◆ **Aim of the task**
When the data below is printed, every line must match exactly and the images must be absent.

◆ **Raw data**
══════

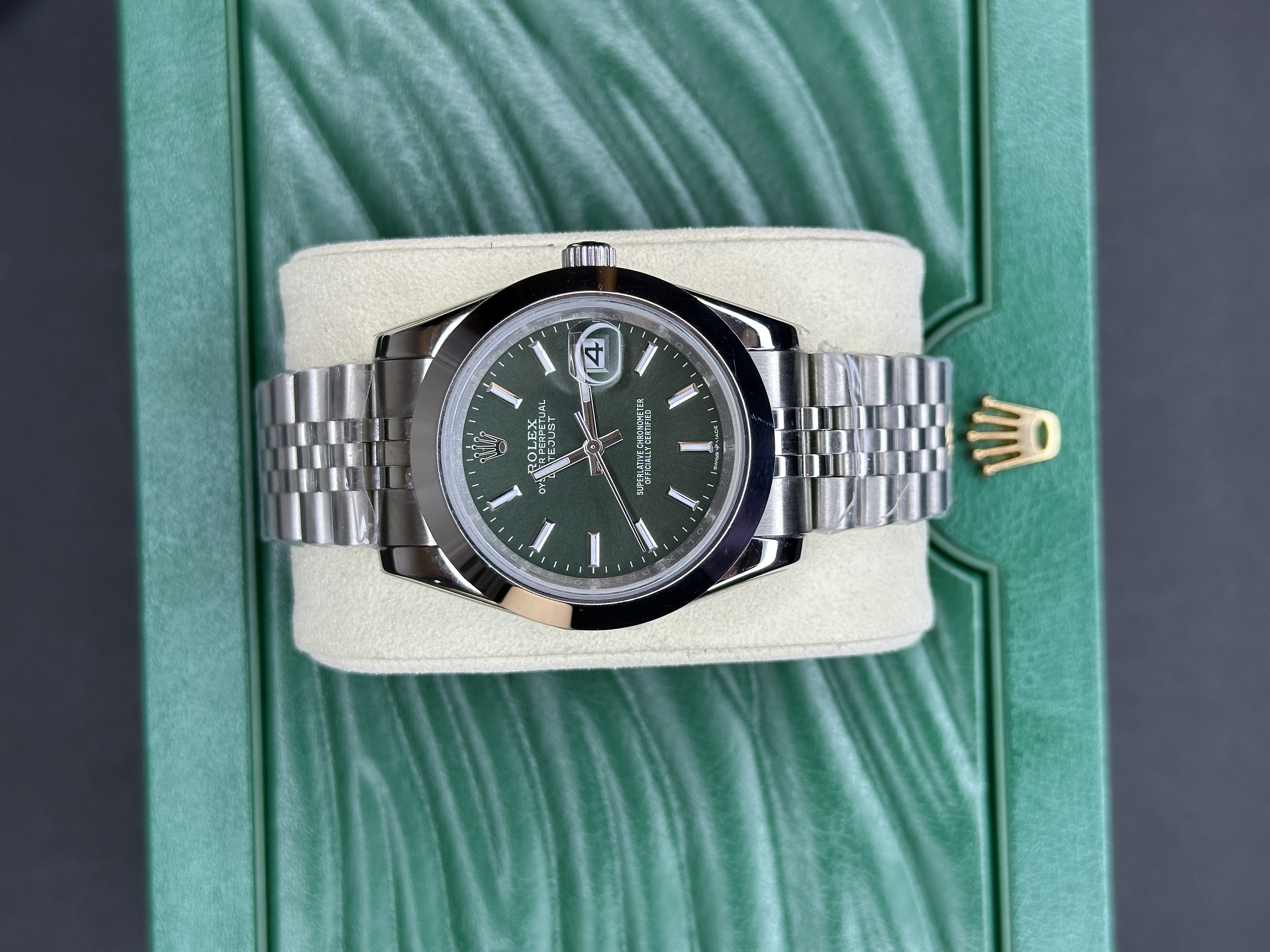 ساعت مچی Rolex Datejust | مدل صفحه سبز، بند Jubilee فلزی | Cyclops و جعبه سبز
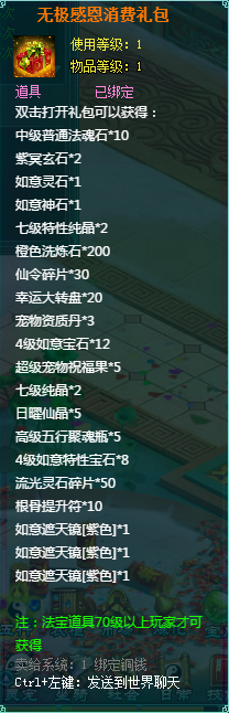 消费礼包中的法宝道具等级70级以上玩家才可获得。
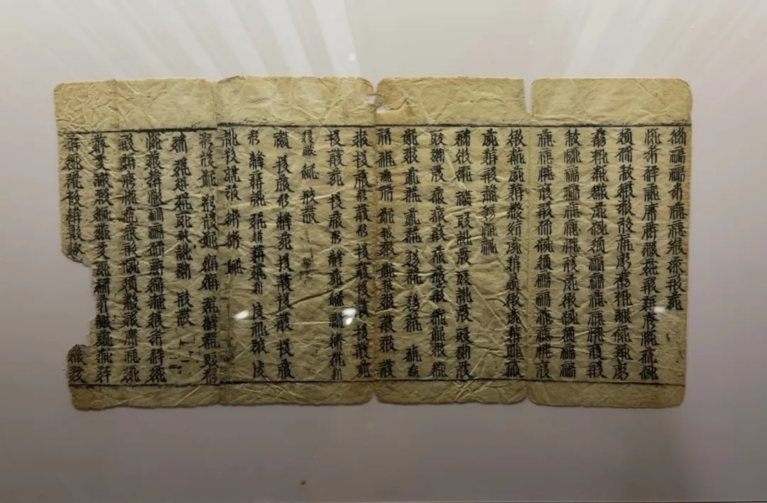 您现在看到的是西夏文印本经“日 一切小皆”。土黄色夹丝绵纸,残存4页,单页6行,满行14字。字迹清晰,内容为佛经,木刻版印制,上下有墨线单栏。背面有粘接痕迹,册页装。
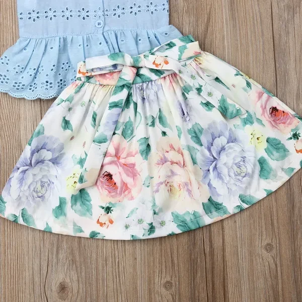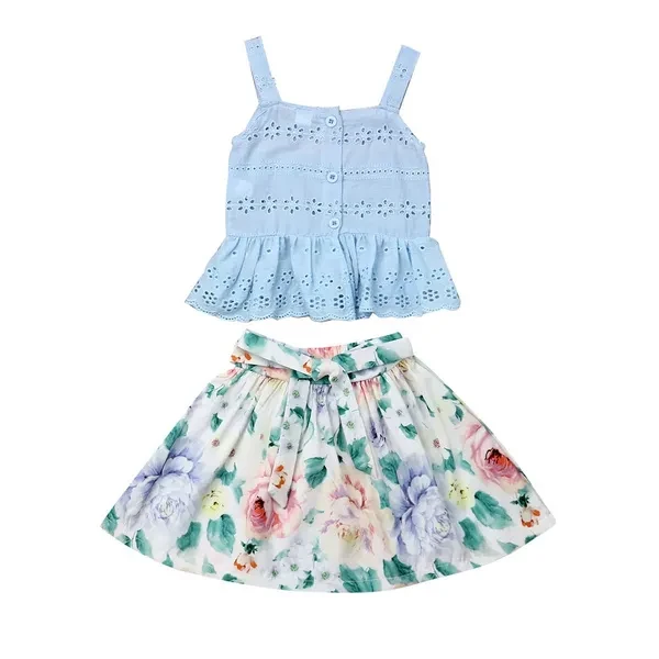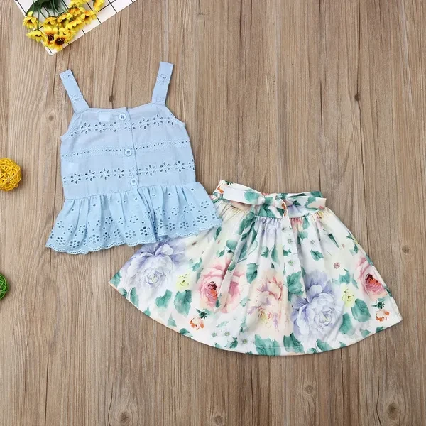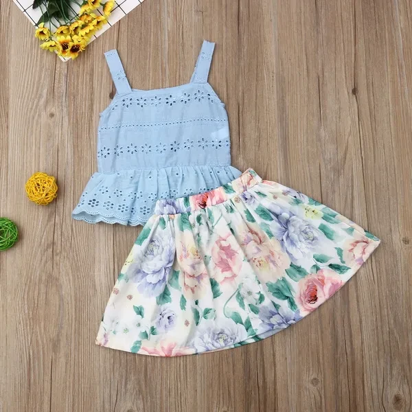 Summer Toddler Kids Baby Girl Strap Ruffle Tops Flower Print Skirt 2PCS Clothes Set 0-5 Years

══════

◆ **Response**
 ساعت مچی Rolex Datejust | مدل صفحه سبز، بند Jubilee فلزی | Cyclops و جعبه سبز
 消费礼包中的法宝道具等级70级以上玩家才可获得。
 您现在看到的是西夏文印本经“日 一切小皆”。土黄色夹丝绵纸,残存4页,单页6行,满行14字。字迹清晰,内容为佛经,木刻版印制,上下有墨线单栏。背面有粘接痕迹,册页装。
 Summer Toddler Kids Baby Girl Strap Ruffle Tops Flower Print Skirt 2PCS Clothes Set 0-5 Years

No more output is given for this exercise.